◆ PROBLEM DESCRIPTION
The part below that opens with the line containing "A Beautiful circa" and closes with the line containing "925 Silver Heart" should be copied exactly, minus any pictures.
<<<<
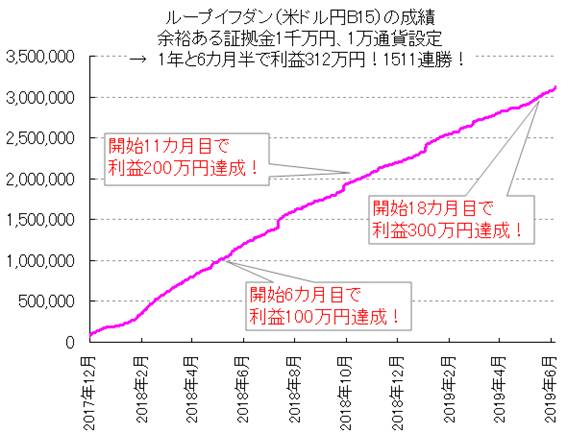 【最新検証結果】FX完全自動売買ループイフダン米ドル円B15、1年6ヶ月半で1500連勝・負けゼロ達成!勝率100%の実績!月収平均16万9千円!厚生年金よりたくさん収入があります!
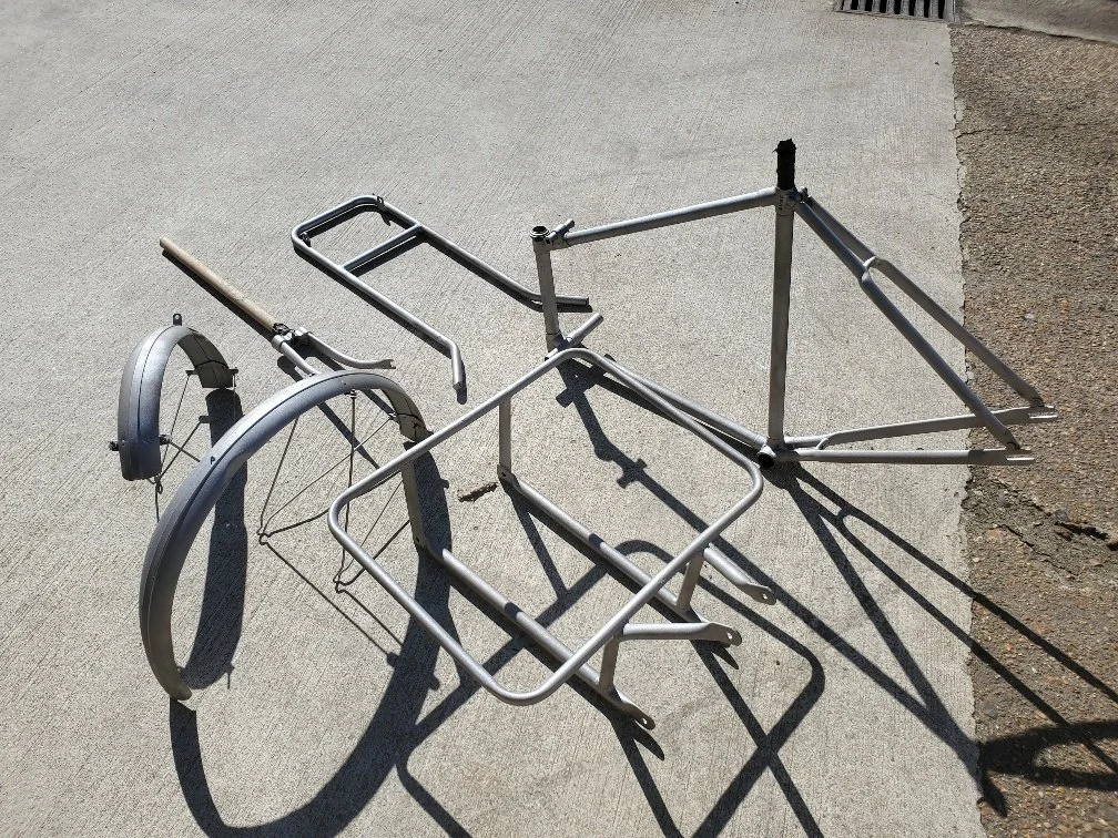 A Beautiful circa 1950’s Butchers Bike came into me in early January 2026 requiring a complete overhaul. First came the full strip down of the bike to bare nuts and bolts.
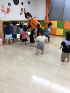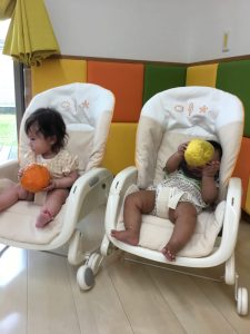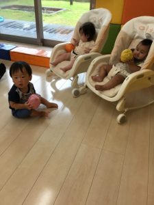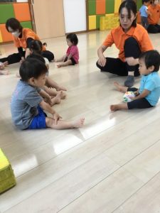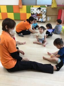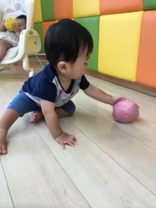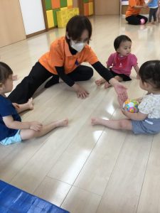 動けるお友だちは自分でボールを転がして取りに行っていましたよ。
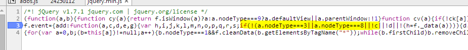 例如,在Chrome中,我在jquery.min.js中只有4行可供选择。如果我想编辑突出显示的部分,这几乎是不可能的,除非通过降级过程发送这段代码,或者使用像fiddler这样的工具重定向到不同的JavaScript。
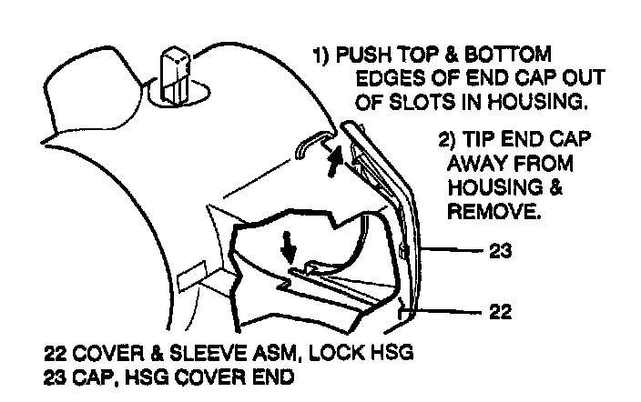 - Using fingers pry up and out at location shown. Tilt end cap away from lock housing cover and sleeve assembly (22) and remove (see figure 6).
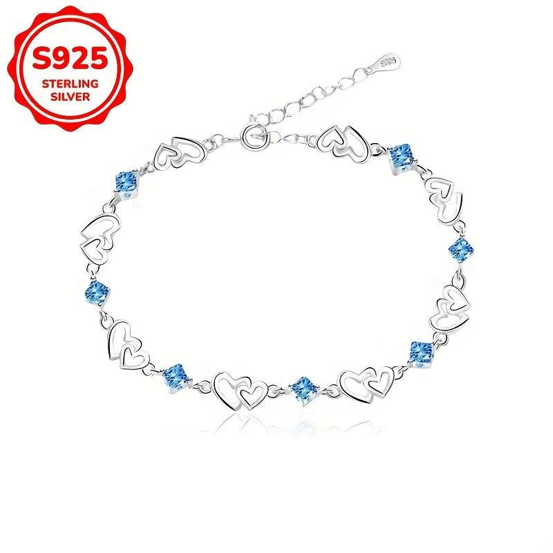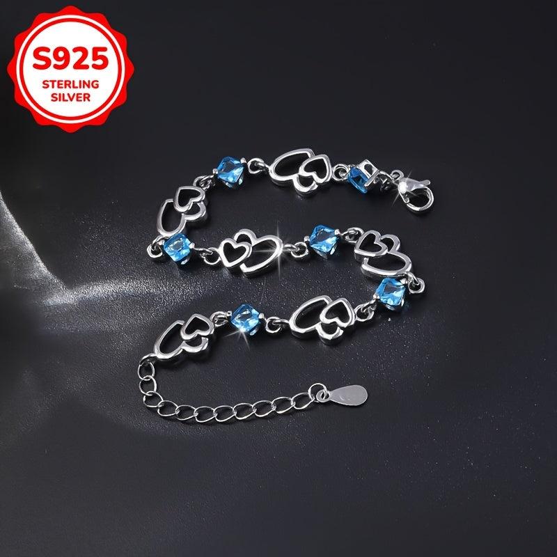 925 Silver Heart Bracelet with Zirconia, 5.01g
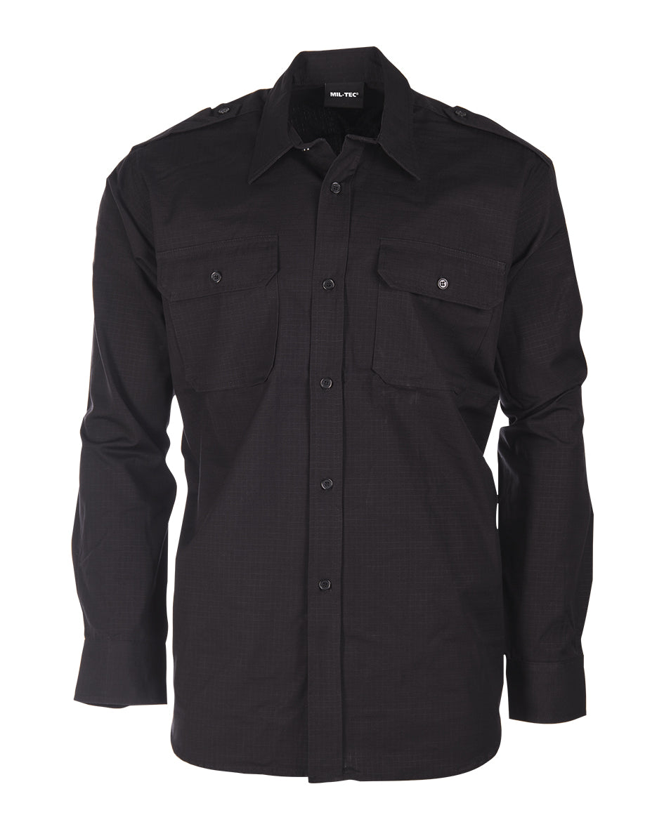 La camisa táctica Mil-Tec Feldhemd Ripstop en negro está diseñada para profesionales que exigen resistencia y funcionalidad en su ropa de trabajo. Fabricada con tejido ripstop de alta calidad, esta prenda ofrece una durabilidad excepcional frente al desgarro y al uso intensivo.
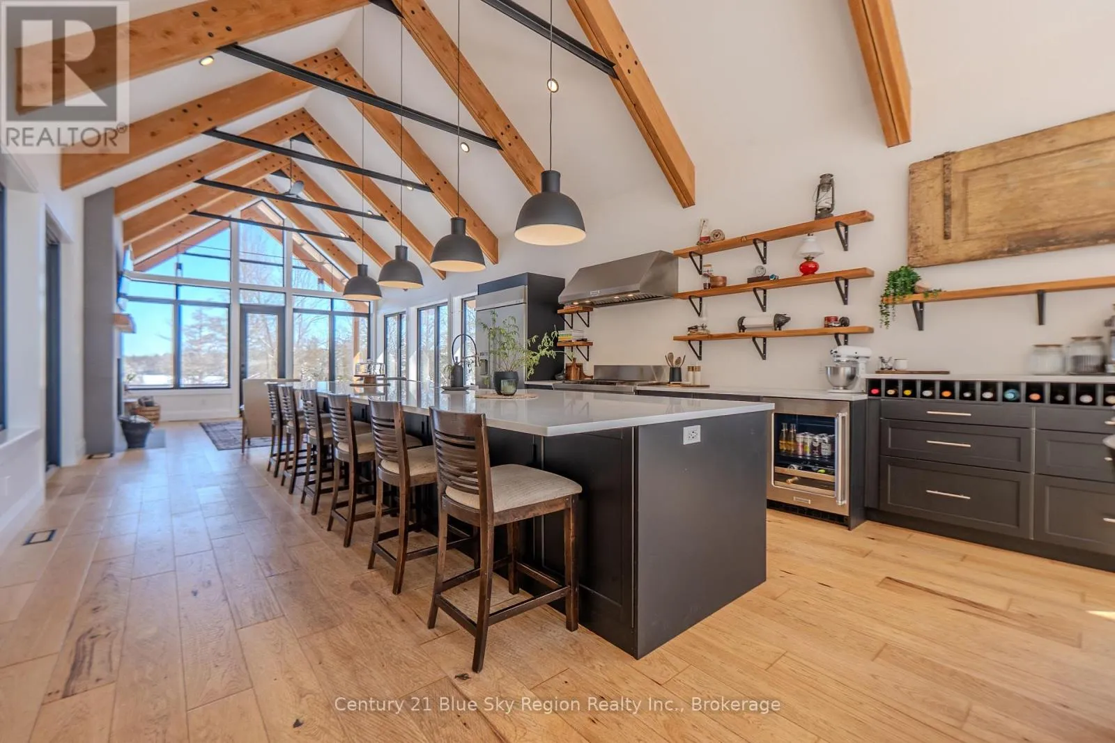 Cross Streets: Green Acres. ** Directions: Hwy 534 to Wolf Lake Rd, Right on Green Acres Rd to Niagara Rd property on right. Custom Waterfront Luxury on 1 Acre - 5 Bed, 3 Bath. Experience exceptional craftsmanship and year round lakeside living in this custom built 5 bedroom, 3 bath waterfront home set on a beautifully landscaped 1 acre lot. Designed for comfort, efficiency, and unforgettable entertaining, this property blends rustic elegance with modern performance. Step into a breathtaking great room featuring soaring cathedral ceilings framed by striking Douglas Fir beams. A Napoleon wood burning factory fireplace with a large 50-pound firebox and zero gravity glass and screen creates a dramatic focal point and a warm, inviting atmosphere. NorthStar windows-backed by a lifetime warranty-flood the home with natural light and frame serene lake views. This home is equipped with central air, propane heat, and a wood boiler, offering efficient and flexible climate control year round. An ICF foundation ensures superior insulation and long term durability. A Generalink hook up adds peace of mind and convenience. Enjoy a gentle, sandy entrance into the lake-perfect for swimming, wading, and family fun. The private dock offers 5 ft of depth at the end, ideal for boating and water toys. A covered 16' x 16' concrete patio extends your living space outdoors, while the driveway continues all the way to the water, allowing you to launch your boat with ease. Relax under the stars in your brand new saltwater hot tub, positioned to take in the tranquil waterfront setting. A large heated garage provides ample room for vehicles, tools, recreational gear, or a workshop-perfect for hobbyists or those needing extra space. Situated on a year round maintained road, this property offers the rare combination of privacy, convenience, and four season accessibility. (id:27476)
>>>>
◆ RESPONSE FOR THIS EXERCISE
 A Beautiful circa 1950’s Butchers Bike came into me in early January 2026 requiring a complete overhaul. First came the full strip down of the bike to bare nuts and bolts.
 動けるお友だちは自分でボールを転がして取りに行っていましたよ。
 例如,在Chrome中,我在jquery.min.js中只有4行可供选择。如果我想编辑突出显示的部分,这几乎是不可能的,除非通过降级过程发送这段代码,或者使用像fiddler这样的工具重定向到不同的JavaScript。
 - Using fingers pry up and out at location shown. Tilt end cap away from lock housing cover and sleeve assembly (22) and remove (see figure 6).
 925 Silver Heart Bracelet with Zirconia, 5.01g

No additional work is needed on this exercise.